Time
    Monday, 6th December, 2021 (15:30 UTC) - Monday, 6th December, 2021 (16:30 UTC)
    Room
    Plenary Room

    With emerging technologies already impacting the global labour market and some of their practical applications and risks still to be discovered, acquiring talent, and maintaining employees competent to deal with technological developments is strategically important. Access to technologies will tend to be less of a challenge than finding the manpower able to exploit them. Talent drains are common in the digital sector, as is difficulty finding the equitable conditions to manage labour-employer relationships.

    The future of work will face several changes: a shift in demand away from office support positions, machine operators and other occupations, edging towards ICT professionals; a move from more stable relationships in employment to independent, flexible or freelance employment deprived of traditional social protection benefits; a need for constant updating of skills to keep pace with evolutions in technology; a transfer of human capacities to more reflective, creative, and complex tasks rather than repetitive and labour-intensive ones. 

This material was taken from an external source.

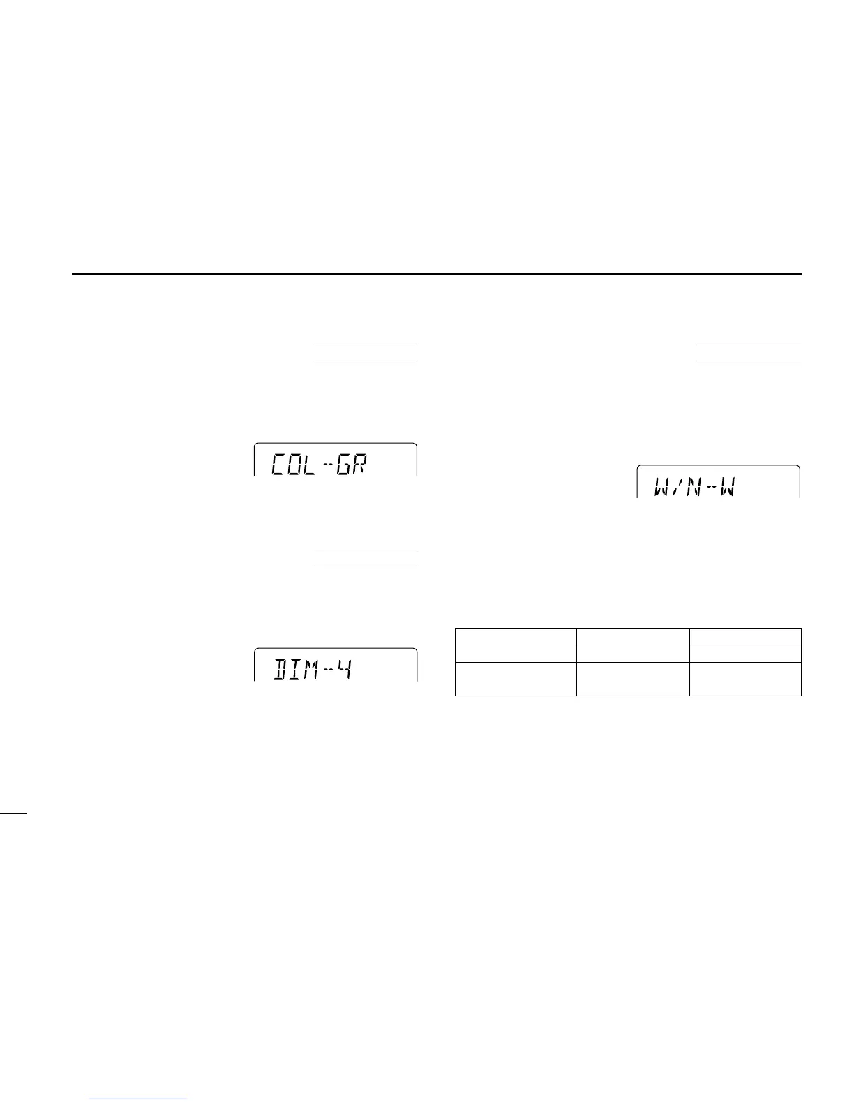 ➀ Push [SET] one or more times until “COL” appears.
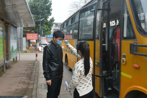 校車出發前一天下午消毒人員用含有效氯250mg/L—500mg/L的含氯消毒劑進行噴灑消毒處理;校車出發前打開車窗通風,然后出發去站點接學生;校車到達站點后,跟車老師鄭鳳嬌逐一對乘坐校車學生進行體溫測量,發現李同學的體溫是37.3度,鄭鳳嬌老師開始對其進行問詢,問詢內容包括學生的班別、姓名,以及是否在14日內從疫區返回或途經疫區、或與疫區回來的人士有過接觸,問完情況后,鄭老師撥打家長電話,由家長到停車點接學生到醫院就診,并報告給學校領導,學校領導層層上報。余校長接到報告后,立刻向神灣鎮急診中心報告。

    However, the impact of these new technologies on labour markets and income distribution is not predetermined. The right policy mix and institutional arrangements can ensure that the benefits of innovation are shared broadly, which is an essential step to achieving the SDGs. Governments, as well as international organizations, should work together on an approach that facilitates the adoption and diffusion of new technologies while addressing their negative consequences.

    Our daily work has become not only more dependent on digital skills, but also more mobile and less dependent on geography. This challenges us to create new forms of management and to refine the balance of remote work relationships. The so-called gig economy and its implication of unstable work conditions is a related issue. A discussion is pending on how to better address the challenge of permanent employment being increasingly substituted by temporary work, and a single employer being replaced by multiple concurrent ones, in ways that affect traditional workforce protections.

    The discussion will focus on policy alternatives, from educational ones addressing early education (including STEM-focused) and constant reskilling for future employment, to ones dealing with new forms of balancing in employment relationships. The panel will reflect on policies that can help employees and society at large to manage the transition with as little disruption and as many benefits as possible.